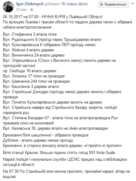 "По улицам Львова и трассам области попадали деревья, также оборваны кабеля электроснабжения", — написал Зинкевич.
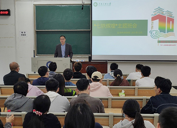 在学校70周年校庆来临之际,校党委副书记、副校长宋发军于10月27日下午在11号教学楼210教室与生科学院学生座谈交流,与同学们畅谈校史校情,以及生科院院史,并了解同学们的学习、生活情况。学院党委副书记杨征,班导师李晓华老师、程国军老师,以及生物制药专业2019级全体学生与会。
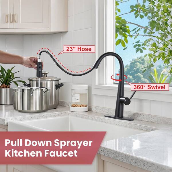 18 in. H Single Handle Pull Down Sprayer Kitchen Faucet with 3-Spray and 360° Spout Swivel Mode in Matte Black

==

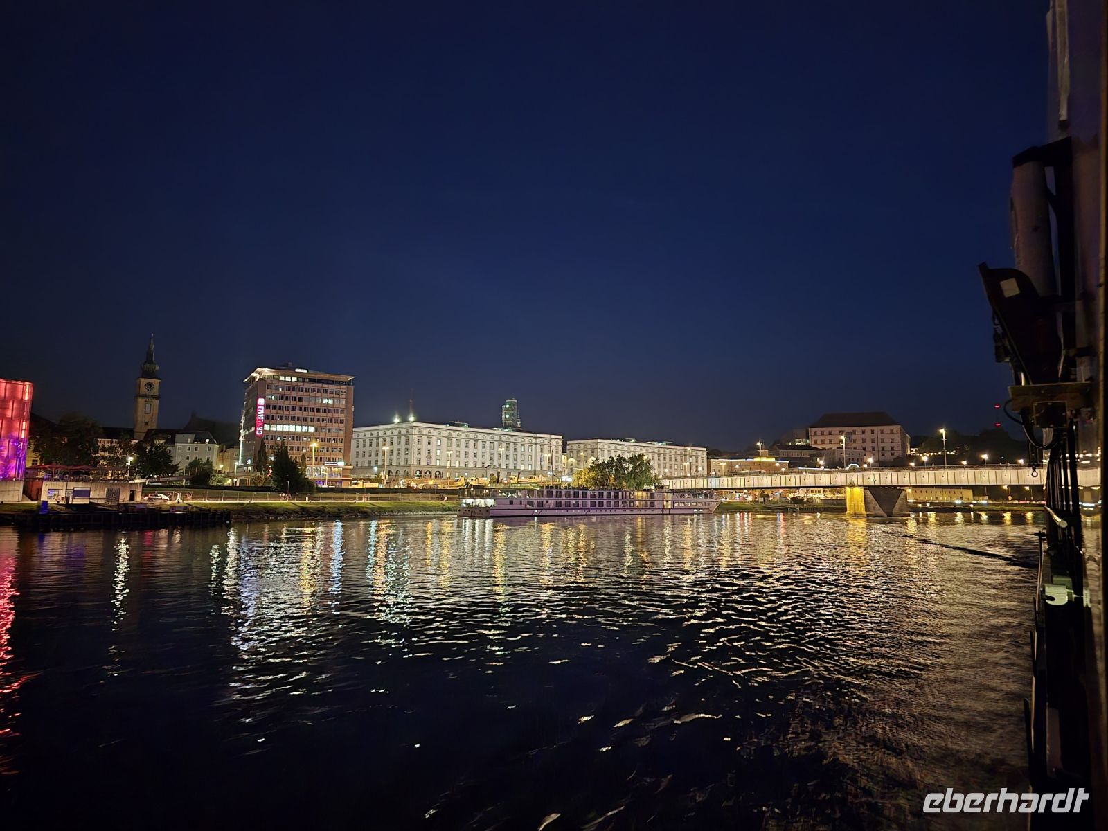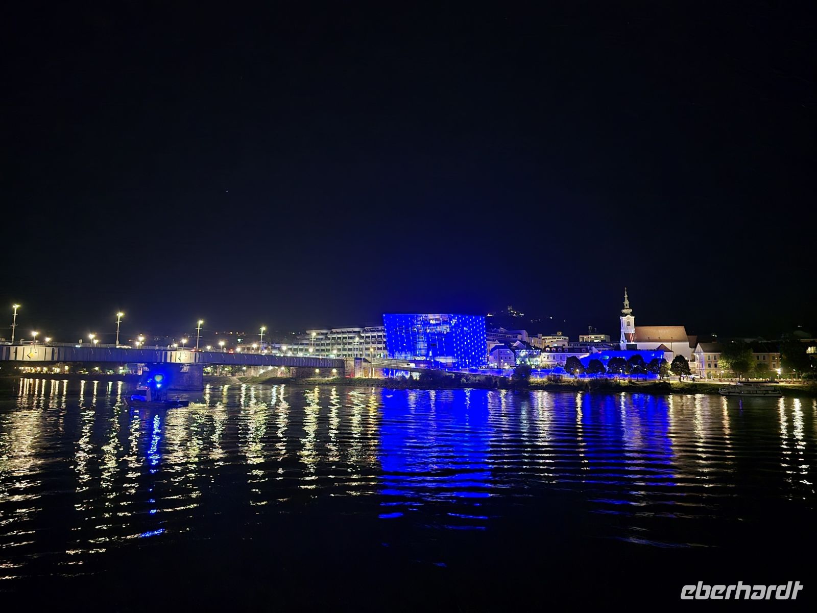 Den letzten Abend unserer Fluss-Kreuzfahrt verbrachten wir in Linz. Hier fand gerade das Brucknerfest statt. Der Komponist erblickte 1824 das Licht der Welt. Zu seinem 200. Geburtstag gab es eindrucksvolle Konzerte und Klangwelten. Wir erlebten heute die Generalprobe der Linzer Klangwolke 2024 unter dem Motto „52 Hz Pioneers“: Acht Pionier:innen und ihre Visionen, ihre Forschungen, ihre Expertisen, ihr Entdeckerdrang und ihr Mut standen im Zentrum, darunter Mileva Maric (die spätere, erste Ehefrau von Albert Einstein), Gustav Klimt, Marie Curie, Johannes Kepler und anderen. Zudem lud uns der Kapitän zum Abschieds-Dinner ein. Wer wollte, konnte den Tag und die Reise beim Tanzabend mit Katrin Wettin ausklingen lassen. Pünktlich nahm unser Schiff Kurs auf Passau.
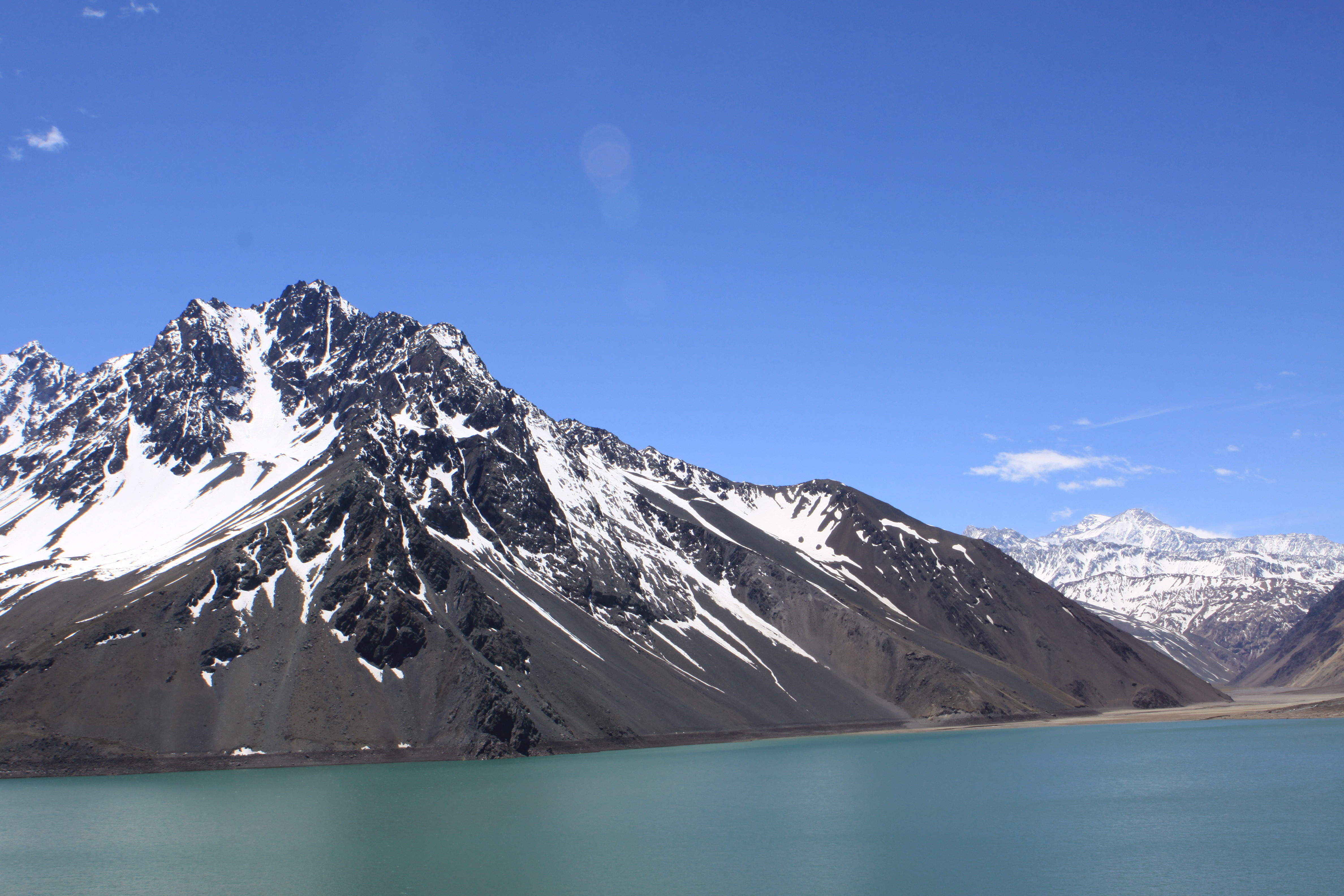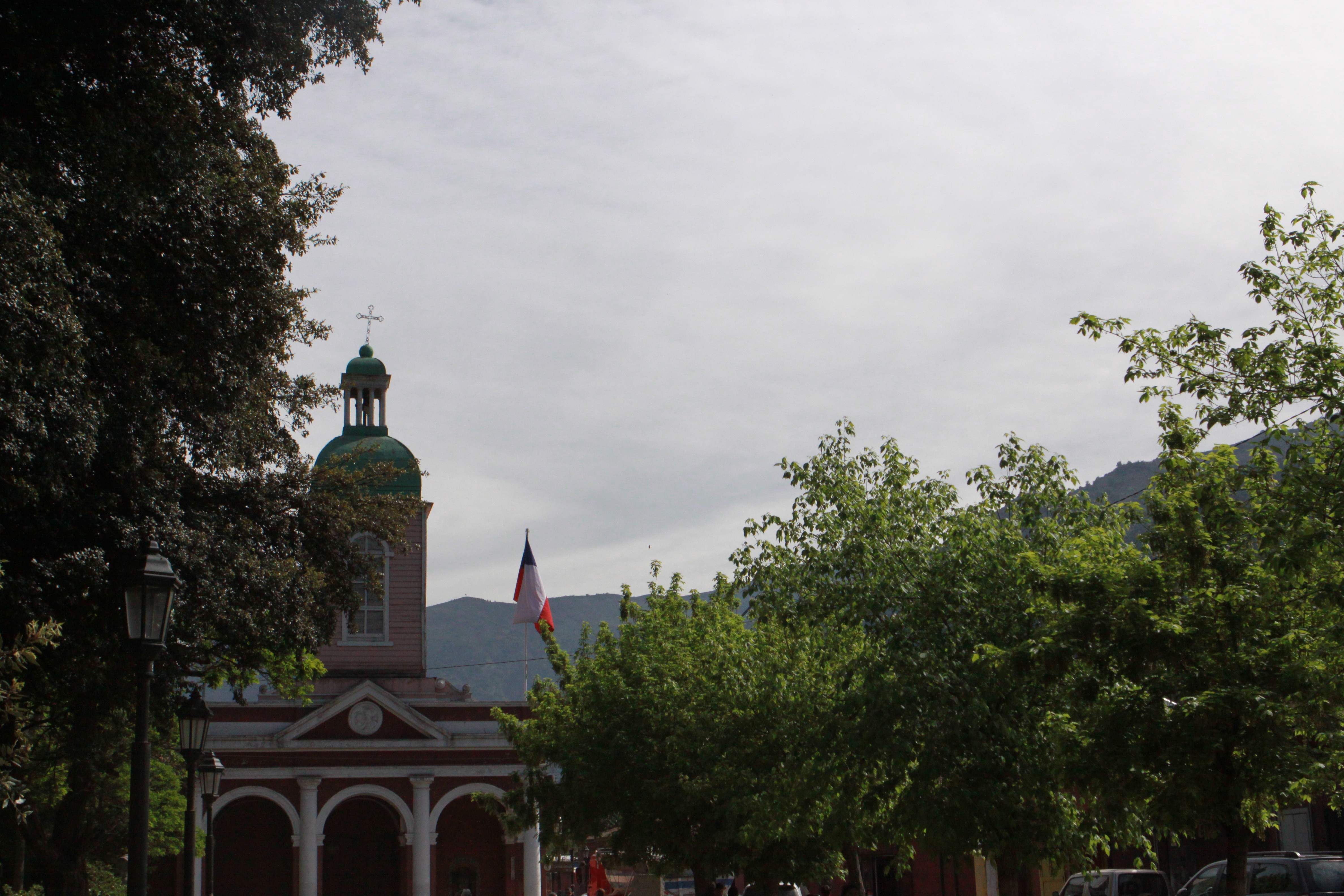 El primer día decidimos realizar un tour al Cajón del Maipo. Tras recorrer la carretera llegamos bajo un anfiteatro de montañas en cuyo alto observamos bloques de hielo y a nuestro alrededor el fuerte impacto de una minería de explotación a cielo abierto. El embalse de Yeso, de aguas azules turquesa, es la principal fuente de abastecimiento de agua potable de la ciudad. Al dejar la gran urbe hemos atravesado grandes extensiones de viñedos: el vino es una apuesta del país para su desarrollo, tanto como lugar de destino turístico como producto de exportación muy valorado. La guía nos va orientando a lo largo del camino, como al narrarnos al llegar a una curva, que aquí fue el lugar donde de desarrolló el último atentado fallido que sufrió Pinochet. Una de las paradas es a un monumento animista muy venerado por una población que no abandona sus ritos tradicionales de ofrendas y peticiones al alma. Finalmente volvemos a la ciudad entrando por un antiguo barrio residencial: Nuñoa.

▸ **YOUR INSTRUCTIONS**
Exact repeat of the material above: every line from the one with "улицам Львова и трассам" through the one with "18 in. H Single", endpoints included, and nothing more. No pictures.

▸ **RESULT OF THIS EXERCISE**
 "По улицам Львова и трассам области попадали деревья, также оборваны кабеля электроснабжения", — написал Зинкевич.
 在学校70周年校庆来临之际,校党委副书记、副校长宋发军于10月27日下午在11号教学楼210教室与生科学院学生座谈交流,与同学们畅谈校史校情,以及生科院院史,并了解同学们的学习、生活情况。学院党委副书记杨征,班导师李晓华老师、程国军老师,以及生物制药专业2019级全体学生与会。
 18 in. H Single Handle Pull Down Sprayer Kitchen Faucet with 3-Spray and 360° Spout Swivel Mode in Matte Black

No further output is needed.